With St. Patrick’s Day falling on a Friday, Illinois Catholics have likely been wondering whether they’ll be able to indulge in corned beef and other delicacies in celebration of the holiday.
The answer depends mostly on where one lives, as bishops across the state have shown themselves to be divided on the issue.
Illinois is broken down into six dioceses, including Chicago, Rockford, Peoria, Joliet, Springfield and Belleville.
According to a press release, the Archdiocese of Chicago, which represents Catholics in Lake and Cook Counties, will not granting a general dispensation for the Memorial of St. Patrick, meaning that Catholics are still supposed to abstain from meat on the holiday in keeping with the Lenten tradition.

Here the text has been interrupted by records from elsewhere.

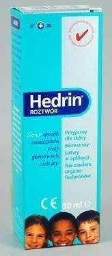 Działania niepożądane: Podczas stosowania Hedrin Roztwór może wystąpić niewielkie podrażnienie. U nielicznych osób obserwowano lekkie złuszczenie skóry głowy, swędzenie lub podrażnienie wokół oczu.
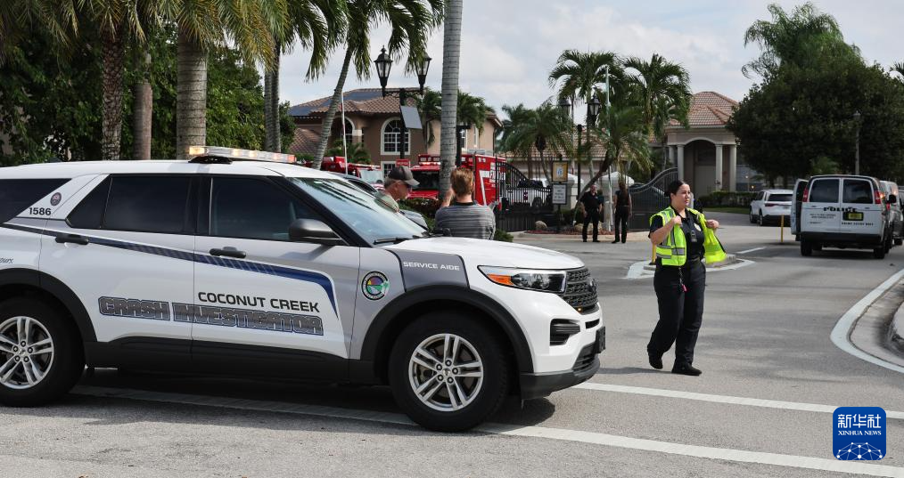 11月10日,在美国佛罗里达州珊瑚泉市,应急人员在事故现场附近工作。新华社/美联
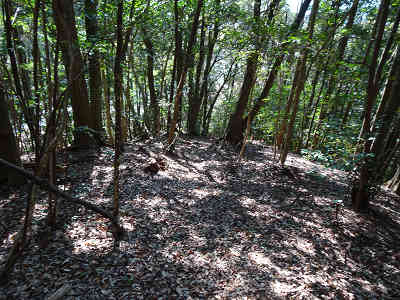 鉄塔の右上へ続く登山道に入り、巡視路と別れて西へ進む。足下には倒木などが目立つので障害物を迂回しながら進むと、急に坂の傾斜が増す。この坂は真っ直ぐ進むと傾斜がきついので左側へ迂回しながら高度を上げる。
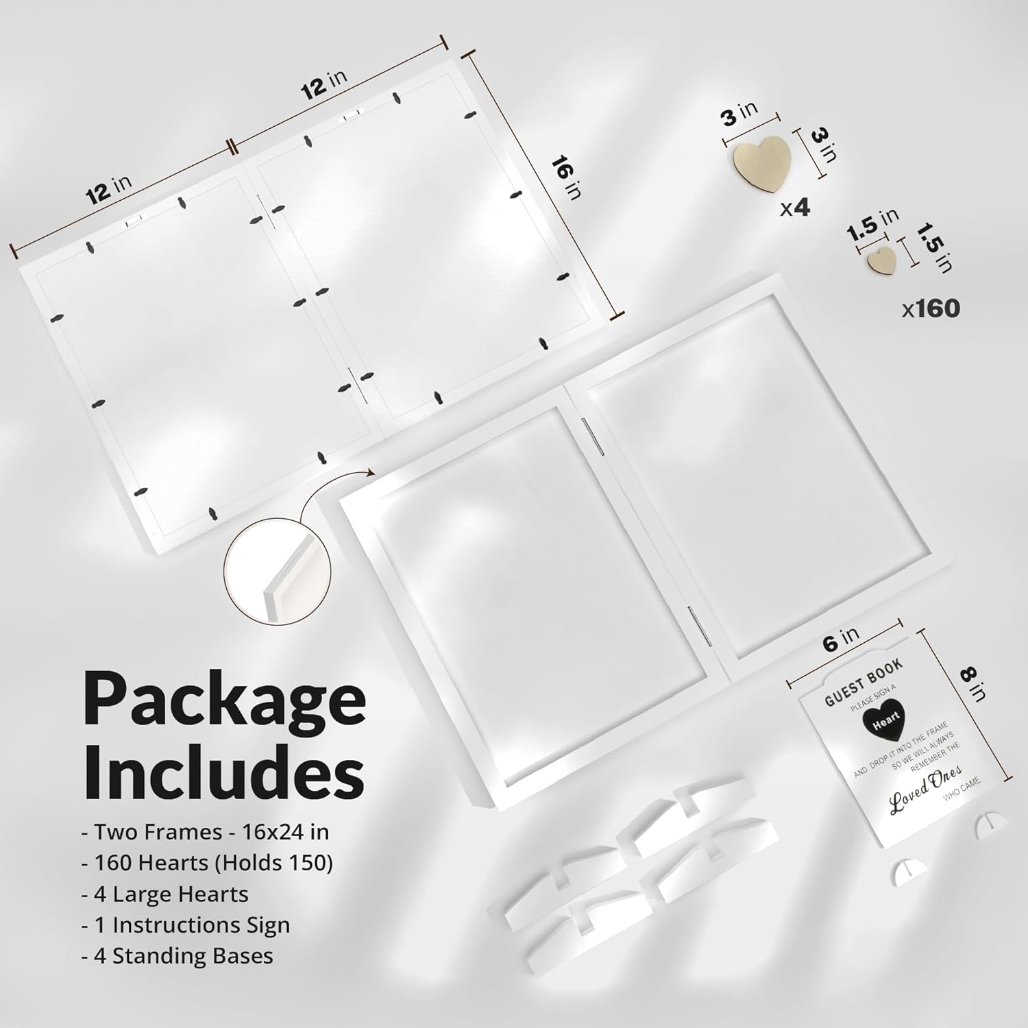 GLM Guest Book Alternative with Sign, 160 Hearts and 4 Large Hearts, Guest Book for Reception, Wedding Decor (White)
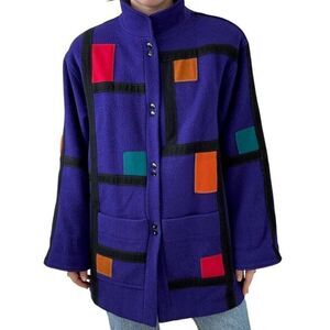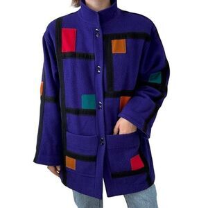 Vintage 1980s International Scene Purple 100% Wool Geometric Retro Chore Coat
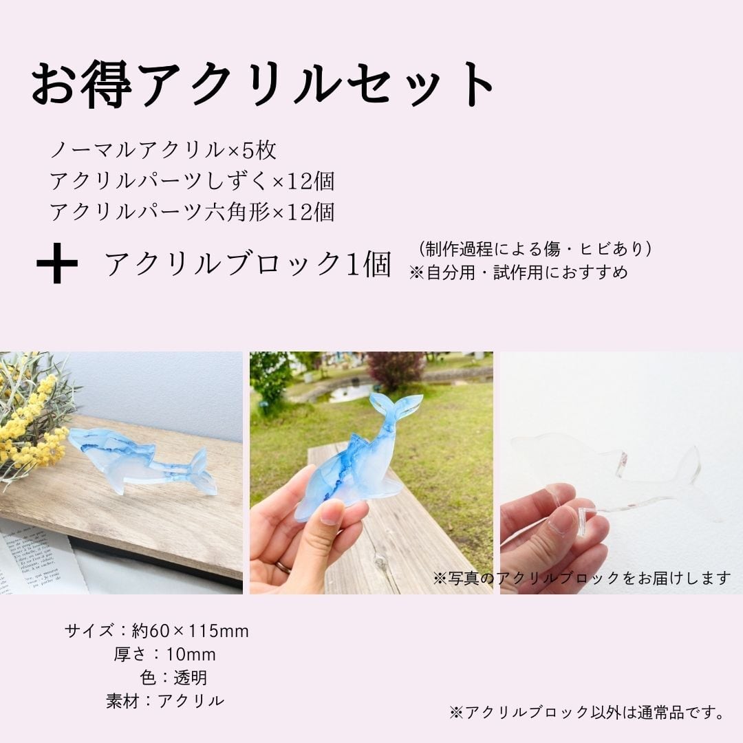 制作練習や試作など、自分用に気軽に使っていただけるお得なアクリルセットです。

However, there is an alternative that area Catholics can avail themselves of. According to the Archdiocese, Catholics who find themselves at an event where meat is being served can “in good conscience substitute the general rule of abstinence with another form of penance or a significant act of charity that benefits the poor.”
“It is important to take seriously the obligation to observe Fridays in Lent as a way of uniting ourselves to Jesus, who died on Good Friday,” the Archdiocese said in a statement.
Cardinal Blase Cupich had given a general dispensation for St. Patrick’s Day in 2017, according to the Chicago Catholic, but asked that those choosing to eat meat instead “substitute another form of penance.”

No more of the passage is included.